0. Decision and status (read this first)

Decision (2026-06-14): keep the tree-walking interpreter. Do not build the bytecode VM now. Reason: the current priority is prototyping velocity for a terminal-based game system on a Raspberry Pi Zero 2 W, and the tree-walker is the most malleable substrate — new primitive = a cfunc; new form = one switch arm; no compiler/VM/GC-rooting surface to keep correct while the language and FFI are still in flux. On a 1 GHz A53 driving an 80×25 text grid (event-driven redraw, ~50 ms handler headroom) the interpreter is nowhere near the bottleneck, and the FFI escape hatch handles any genuinely hot computation (procgen, pathfinding) by pushing that one thing into C — so the whole language never has to be fast.

Alternatives considered

Option	What it is	Verdict
Tree-walker (current)	`eval()` walks the cons-cell AST directly	Chosen. Already shipping; maximum malleability; fast enough for a text UI on the Pi.
Analyzing interpreter (SICP §4.1.7)	Walk the AST once into a tree of pre-classified C thunks; execute that	Deferred. ~2–4× faster by killing re-dispatch, still malleable — but doesn’t give proper tail calls / bounded stack / clean per-op sandbox without extra work, and is a different representation (throwaway if bytecode is later wanted). The first thing to reach for only if profiling shows the interpreter loop itself (not one cfunc-able hot spot) is the wall.
In-memory bytecode VM (this spec)	Compile AST→bytecode at load, run on a stack VM, no serialized artifact	Deferred to ship-hardening. Gets TCO, bounded stack, precise sandbox; it is the reusable substrate AOT would build on. Heavy correctness investment (compiler + VM + GC rooting) that works against prototyping velocity.
AOT bytecode	Compile `.lsp`→bytecode on desktop, ship in `.kn86`, device drops the parser	Deferred furthest. Adds a versioned bytecode ABI + verifier (untrusted-cart trust boundary) — a permanent tax. Purely additive on top of the in-memory VM, so nothing is lost by deferring it. The “AOT” half of ADR-0004’s aspiration.

Key sequencing insight: in-memory bytecode → AOT is an additive path (shared compiler + VM); the analyzing interpreter is a detour off it.
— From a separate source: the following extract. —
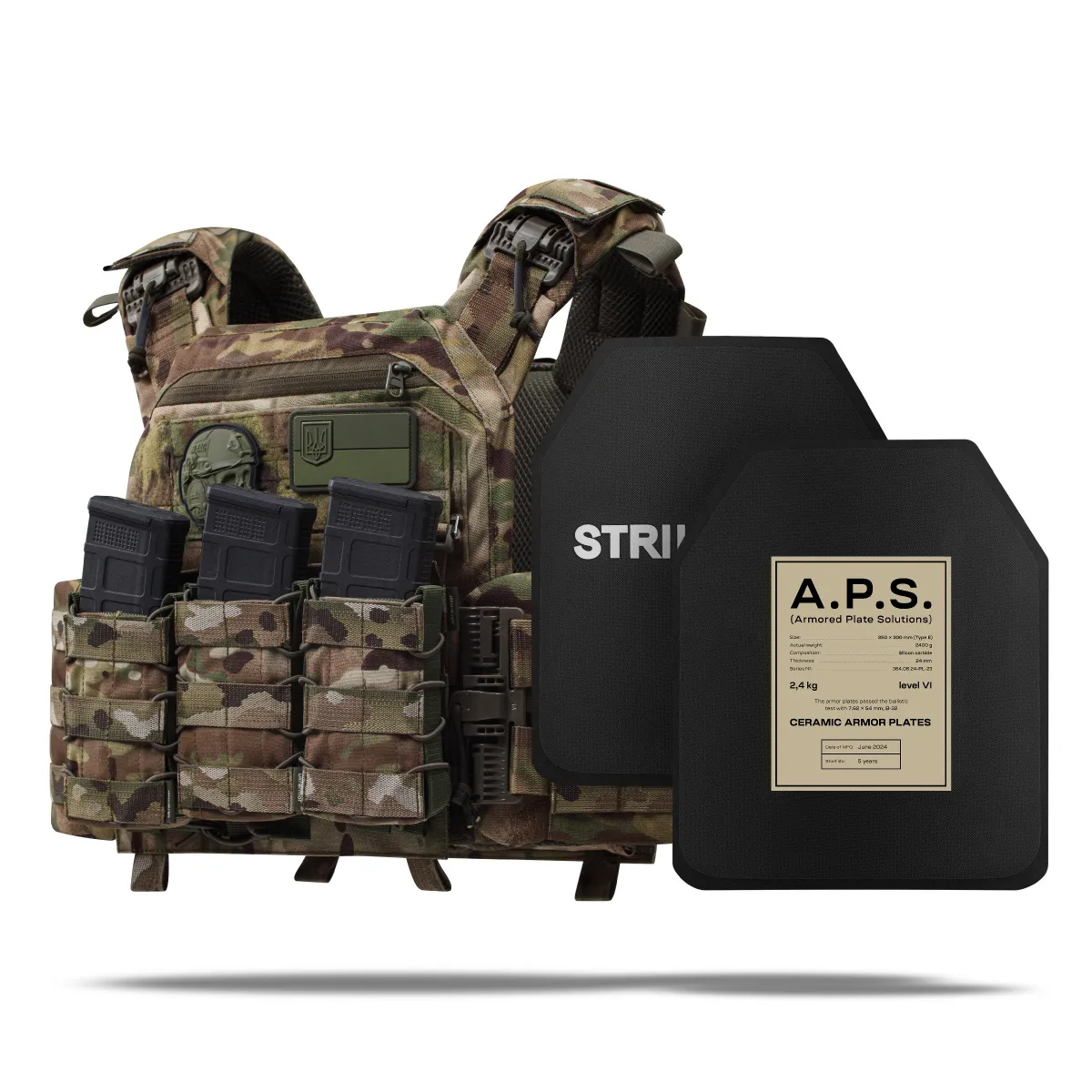 - Комплектація 2 бронеплити 6-го класу(вага 2.4 кг, матеріал композит кераміки карбіду кремнію SIC), плитоноска покращена PRO

So if bytecode is ever built, go straight to the in-memory VM in this spec — don’t build the analyzing interpreter first.

Revisit triggers (make this a data decision, not a vibe)

Reopen this design when on-device profiling shows one of:

the interpreter loop itself — not a single identifiable computation you could move into a cfunc — is eating the frame budget on the Pi Zero 2 W; or
cart load time (parsing source on device) becomes a felt delay; or
RAM/footprint pressure as ship approaches makes dropping the on-device parser (AOT) worthwhile; or
you need to run untrusted third-party carts and want opcode-level verification + metering rather than source-level trust.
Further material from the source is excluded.